Les 13 États membres ayant mis en œuvre la réglementation l'appliquent déjà pour combattre la criminalité. Depuis que la réglementation est en vigueur, les autorités judiciaires des Pays Bas, par exemple, ont envoyé aux autorités homologues des autres États de l'Union 121 décisions de confiscation, pour des avoirs d'une valeur totale de près de 20 millions d'euros.

Faute de confiance en l'équité des systèmes judiciaires, la coopération judiciaire reste limitée

La réglementation européenne actuelle limite les situations dans lesquelles les États membres peuvent refuser d'exécuter une décision de confiscation : l'exécution peut par exemple être refusée si elle est contraire au principe de la double incrimination (qui consiste à être jugé deux fois pour la même infraction) ou si un très long laps de temps s'est écoulé entre les faits et la condamnation définitive.

Toutefois, le rapport publié le 23 août montre que tous les pays, à l'exception de trois (l'Irlande, le Portugal et les Pays Bas), ont instauré des motifs supplémentaires de refus d'exécution des décisions de confiscation rendues par d'autres pays. Cela limite l'efficacité d'un instrument destiné à permettre aux autorités d'un pays de reconnaître immédiatement les décisions rendues par les autorités d'autres pays.

Le rapport de la Commission signale également que même lorsque la réglementation a été mise en œuvre, il arrive encore que des décisions de confiscation ne soient pas reconnues automatiquement du fait de l'existence de formalités légales, des auditions publiques par exemple, que quatre pays (la République tchèque, la Pologne, la Roumanie et la Slovénie) ont ajoutées à leurs règles nationales.

En mars dernier, la commissaire européenne chargée de la justice, Viviane Reding, a déclaré que les autorités judiciaires ne pouvaient reconnaître mutuellement leurs décisions si elles ne se faisaient pas mutuellement confiance. C'est pourquoi la Commission s'est fixée comme priorité d'instaurer des normes minimales communes – à commencer par le droit, pour les suspects, de bénéficier de services de traduction et d'interprétation (qui entrera en vigueur dès cet automne) et une déclaration de droits proposée le 20 juillet.

Contexte

Avant le traité de Lisbonne, la réglementation de l'UE en matière de justice était adoptée dans le cadre de l'ancien "troisième pilier" sous la forme de "décisions cadres", qui liaient les États membres quant au résultat à atteindre, mais laissaient aux instances nationales le choix de la forme et des moyens.

Cela pouvait se traduire par des réglementations approximatives qui, dans la pratique, pouvaient varier considérablement d'un État membre à l'autre.

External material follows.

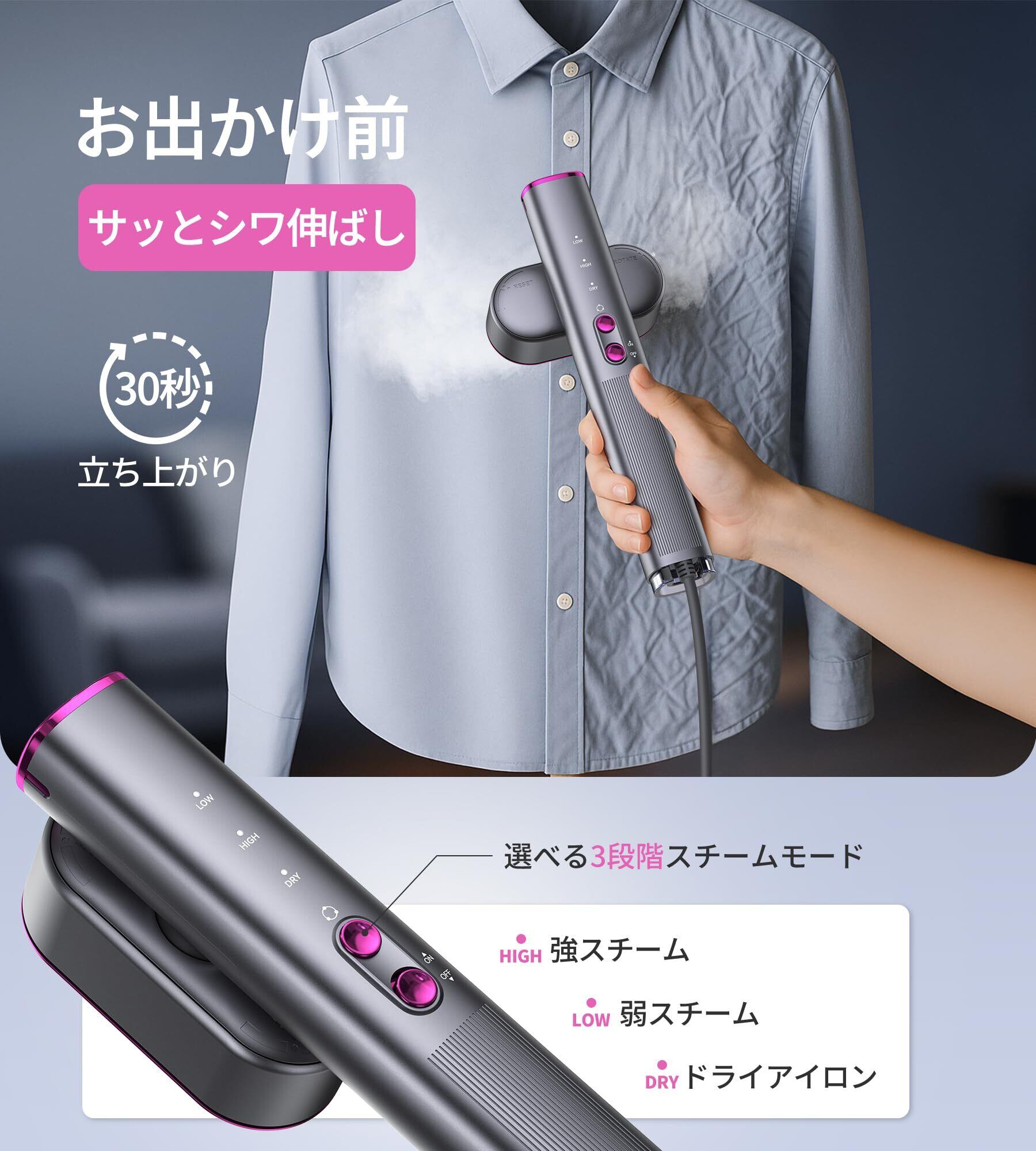 【多種モード搭載、プロ級の仕上がりに】Pursayスチーマーアイロンは、ハンガーに掛けたままで使える衣類スチーマーとしてはもちろん、普通のアイロンとしても使用可能です。さらに、素材や頑固なシワに最適な強スチーム(15g/分)、薄手の夏服や日常ケアに便利な弱スチーム(12g/分)、折り目付けに最適なドライモードの3種類のモードを搭載。繊細なブラウスから厚手のジャケットまで、季節を問わず最適なケアが実現できます。プロに頼らず、自宅で手軽に美しい仕上がりを提供します。

Durant une période transitoire s'étendant jusqu'en 2014, la Commission ne peut entamer de procédure contre un État membre pour l'obliger à mettre en œuvre ce type de réglementation, comme elle est habilitée à le faire dans d'autres domaines d'action. Jusque là, elle continuera de veiller à ce que les États membres mettent en œuvre et se conforment efficacement à la législation européenne et les soutiendra activement en ce sens.